Quantization due to the time evolution, with applications to Quantum Yang-Mills theory, Quantum Gravity and Classical Statistical Field Theory

TL;DR

This paper introduces a rigorous mathematical framework for statistical field theories with non-deterministic time evolution, successfully extending to gauge theories and non-polynomial Hamiltonians, with applications to Quantum Yang-Mills, Quantum Gravity, and classical statistical mechanics.

Contribution

It develops a mathematically rigorous class of statistical field theories that incorporate non-deterministic time evolution and gauge symmetries, unifying various quantum and classical field theories.

Findings

Verified canonical commutation relations under non-deterministic evolution

Extended Gaussian measures to non-polynomial Hamiltonians

Tested formalism with free electromagnetic field quantization

Abstract

Quantum Yang-Mills theory, Classical Statistical Field Theory (for Hamiltonians which are non-polynomial in the fields, e.g.
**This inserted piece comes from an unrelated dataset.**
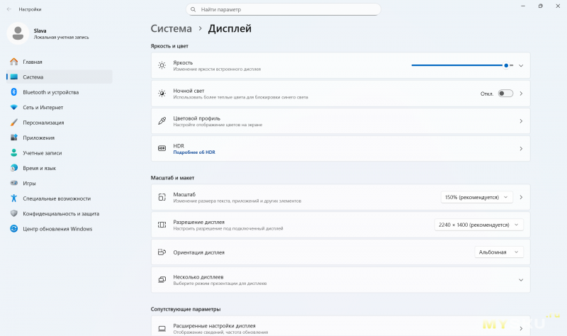 Высокое разрешение и небольшая диагональ по умолчанию дают мелкий шрифт в системе, при плохом зрении придётся применять масштабирование. По умолчанию в операционной системе 150% масштаб, при желании его можно еще увеличить.

General relativistic statistical mechanics) and Quantum Gravity all suffer from severe mathematical inconsistencies and produce unreliable predictions at best. We define with mathematical rigor, a class of statistical field theories in Minkowski space-time where the (classical) canonical coordinates when modified by a non-deterministic time evolution, verify the canonical commutation relations. We then extend these statistical field theories to include non-trivial gauge symmetries and show that these theories have all the features of a Quantum Yang-Mills theory in four-dimensional space-time. We generalize the Gaussian measure to allow for the definition of Hamiltonians which are non-polynomial in the fields, such as in Classical Statistical Field Theory and Quantum Gravity. Finally, we test the consistency of our formalism with the quantization of the free Electromagnetic field.